Try here for commodities - One of many I guess.

[broken link removed]


----------



## piglet (18 Oct 2007)

I got out of China early this year, the stock market is in a bubble. Wait for it to burst and get in a cheap prices. I use JP Morgan who have a very long record in this sector from its purchase of Jardines an old British / Hong Kong stockbroker. I think active mgt is better than index tracking in inefficient markets like China.


----------



## PMU (18 Oct 2007)

Ceatharlach said:


> Try here for commodities - One of many I guess.
> 
> [broken link removed]



These are exchange traded notes and not exchange traded funds. Does anyone know exactly how ETNs work?


----------



## mercedes1 (18 Oct 2007)

Hi Piglet , have you not lost out , if you got out of China earlier this year and they have performed so strongly this year. How does one manage to invest in the JP Morgan active fund ?
I know one has to make a judgement and stick with it, but I would be gutted it I got out of China/India now and it proceeded to do 60 per cent for the next twelve months.


----------



## Sarsfield (18 Oct 2007)

mercedes1 said:


> Hi Piglet , have you not lost out , if you got out of China earlier this year and they have performed so strongly this year.


 
I'm sure piglet made a gain.  You seem to believe that selling at any time other than the top of the market is a lost opportunity.  The problem there is that you usually only see the top of the market from the other side, when you're back at the bottom.

Better to take the gain when you see the bubble expanding too rapidly, and catch the next rising tide.  Sorry for mixing metaphors


----------



## Calico (18 Oct 2007)

Sarsfield said:


> I'm sure piglet made a gain.  You seem to believe that selling at any time other than the top of the market is a lost opportunity.  The problem there is that you usually only see the top of the market from the other side, when you're back at the bottom.
> 
> Better to take the gain when you see the bubble expanding too rapidly, and catch the next rising tide.  Sorry for mixing metaphors



Chinese stock market doubled last year afaik....


----------



## Squalshy (1 Nov 2007)

piglet said:


> I got out of China early this year, the stock market is in a bubble. Wait for it to burst and get in a cheap prices. I use JP Morgan who have a very long record in this sector from its purchase of Jardines an old British / Hong Kong stockbroker. I think active mgt is better than index tracking in inefficient markets like China.


 
Just wondering how you know the chinese stock market is in a bubble?
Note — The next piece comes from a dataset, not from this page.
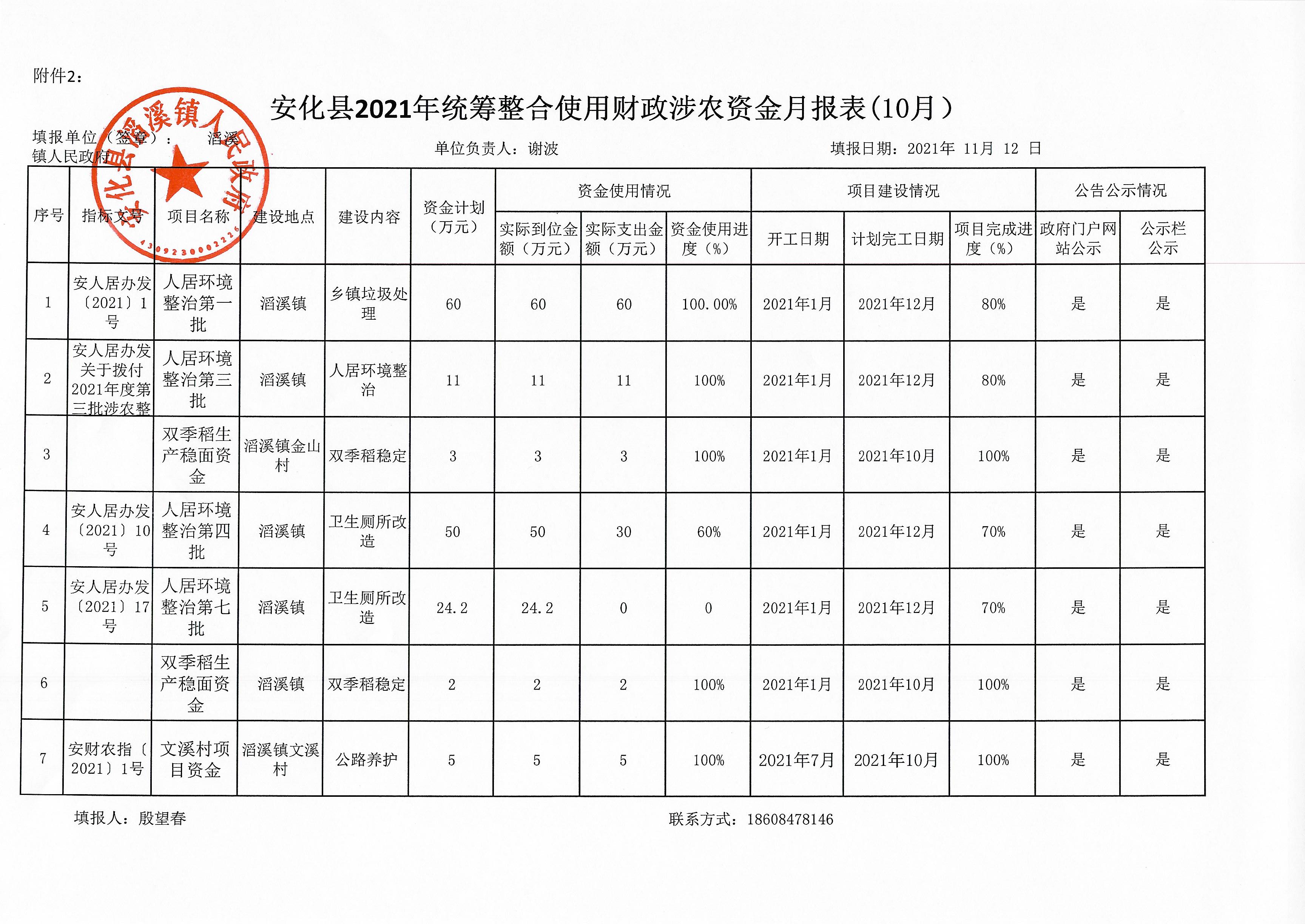 安化县滔溪镇2021年统筹整合使用财政涉农资金月报表(10月)

Surely a bubble is only a bubble once it bursts? Otherwise it is just a rise to a fairer level?


----------



## thomsk (1 Nov 2007)

Try researching countries economies 2/3 years before hosting olympics, the year during them, and the 2/3 years after them. Interestingly enough, the majority of countries had their best return in the third year after the games. I know that many other factors are at play with regards China at the moment- I have read that their banks are not the most solid in the world, the chinese are a nation of gamblers, etc,etc.    but it's still something to consider. Maybe leave some of your investment there for a few more months???


----------



## thomsk (1 Nov 2007)

forgot to mention....the worst year for 80% of countries economies historically....was the year that they actually hosted the olympics.


----------



## yop (1 Nov 2007)

LOL. So leave the money there until March or April would be safe enough. Just gone into China myself last month.
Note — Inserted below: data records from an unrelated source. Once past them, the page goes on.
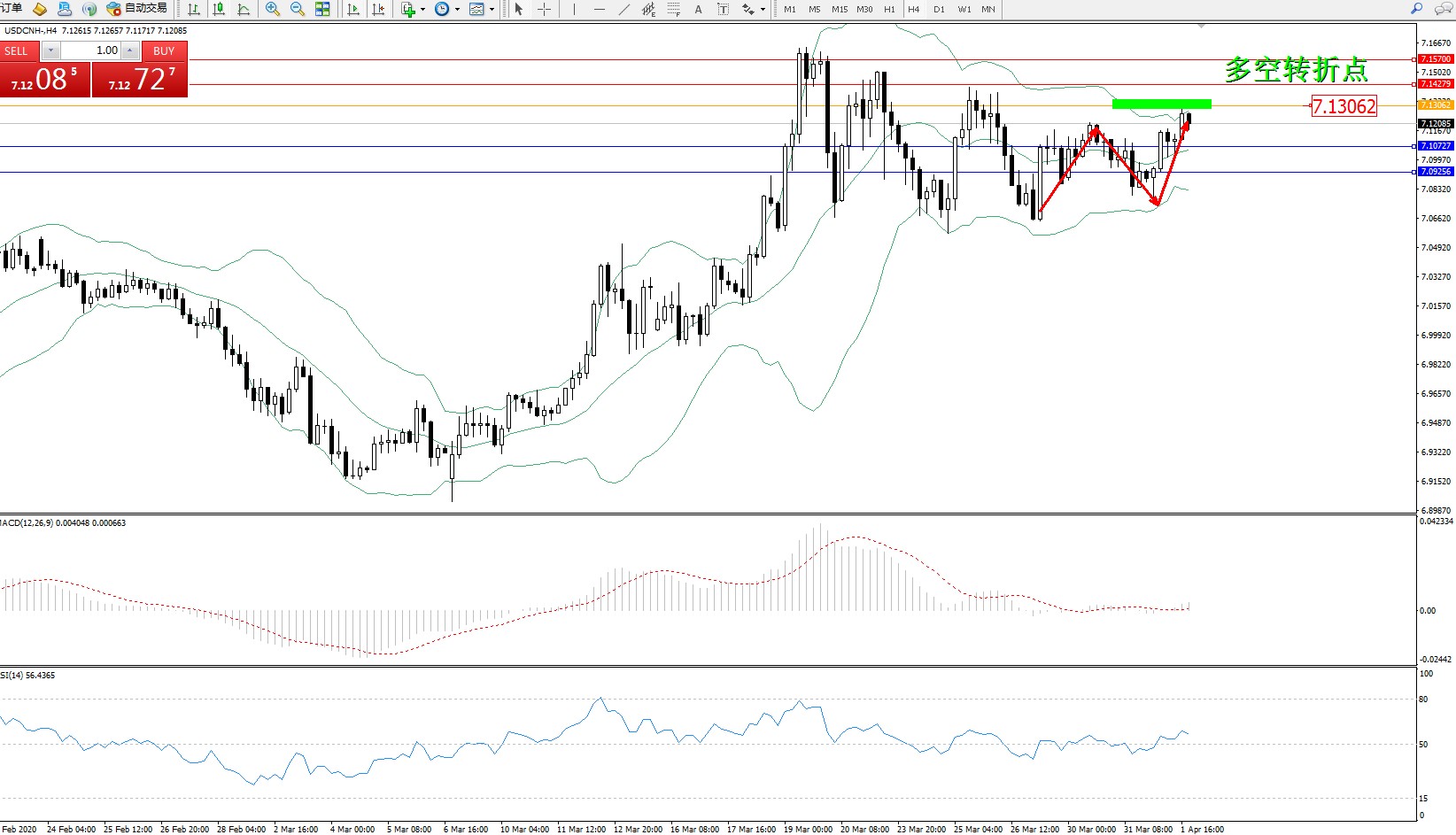 交易策略:7.13062下方看跌,目标7.10727、7.09256
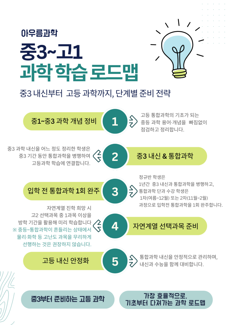 안녕하세요, 아우름과학입니다. 중학교에 들어오면 국영수와 달리 과학은 그동안 꾸준히 학습해온 과목이 아니어서, 체감 학습량과 난도가 높아지는 특징이 있습니다. ‘어디서부터 시작해야 할지’, ‘얼마나 깊게 준비해야 할지’ 막막해하시는 경우가 많습니다. 특히 요즘은 통합과학이 수능 과목이 되면서, “고2·고3 선택과목을 미리 해야 하나요?” “중학교 때 어디까지 준비해두는 게 맞나요?” 라는 질문을 정말 많이 받습니다. 과고·영재고를 준비해온 최상위권 일부를 제외하면, 대부분의 학생들은 학교 수업 위주의 일반적인 학습 경로를 밟아왔습니다. 그렇다면 이런 학생들은 고등과학을 어떤 순서로, 어떻게 준비하는 것이 맞을까....... <img src="https://blogthumb.pstatic.net/MjAyNjAyMTJfMjc5/MDAxNzcwOTAwMzE5MzA5.7bGvhLzgcUHpj2nFcGWZbGdcd7vKIbXLjIrJ_AQjnHYg._SHd3jwJvc39UnjCd5Z2FfF1fAMMB3aOBXTUTBqQad4g.PNG/Project_%281%29.png?type=s3" />
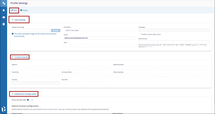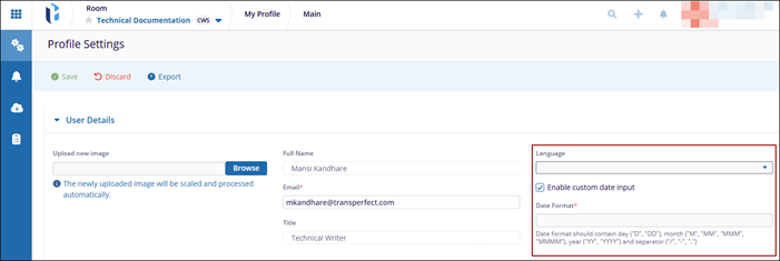 In this section, the user can manage the profile using settings which are user-specific. Any changes made in this section impact the user account and not to the room.

What is the best way to monitor the situation, keep an eye on Shanghai's stock exchange and the minute it dips pull out???


----------



## homer911 (1 Nov 2007)

mercedes1 said:


> I have also invested in the India fund , which has gone really well. I will give it another while and half the amount in it and leave the rest to chance. Just one question I have, is the growth in these funds driven by others trying to buy the fund or is it genuine growth in value ?


 
A fund has no inherent value - it represents the value of the underlying investments only.  As more people invest in the fund, the number of fund units increases, so the unit price and therefore the value is unchanged


----------



## domadd (1 Nov 2007)

In answer the original question I am of the opinion that 120% is a great profit to have made on your investment. Have you considered cashing  in  now and reinvest spreading the risk over a few funds. Your liability to Revenue for interest taken out now is easy to compute and is not payable until 2008 (before Oct31 2008).

domadd


----------



## Saudi (2 Nov 2007)

Domadd, thanks for the advice on the revenue front.  

I've decided to take my profit and have sold my China fund, I'm sure it will go up a good bit more but need the money and no point being too greedy. I'm not reinvesting for the moment.  I'm leaving roughly 20% of the profit I've made in my savings account for my tax returns.

Thanks

S


----------



## domadd (2 Nov 2007)

Saudi,

Congratulations on a great investment return. I only hope that you will be just as successful with your next punt. Your tax liability will be 23% of profit after deducting expenses (entry and exit charges).  Someone a lot more successful than me once said, when finally deciding to sell stock with a good profit  "Always leave a little meat on the bone" as greed can be a cruel thing.


----------



## KCT (5 Nov 2007)

I see in their prospectus they trade in "D Shares". Does anyone know what this means ?


----------



## Redjeep! (5 Nov 2007)

All good stuff, but I'd have said that the Chinese economy has a few more factors acting on it than the Olympics.


----------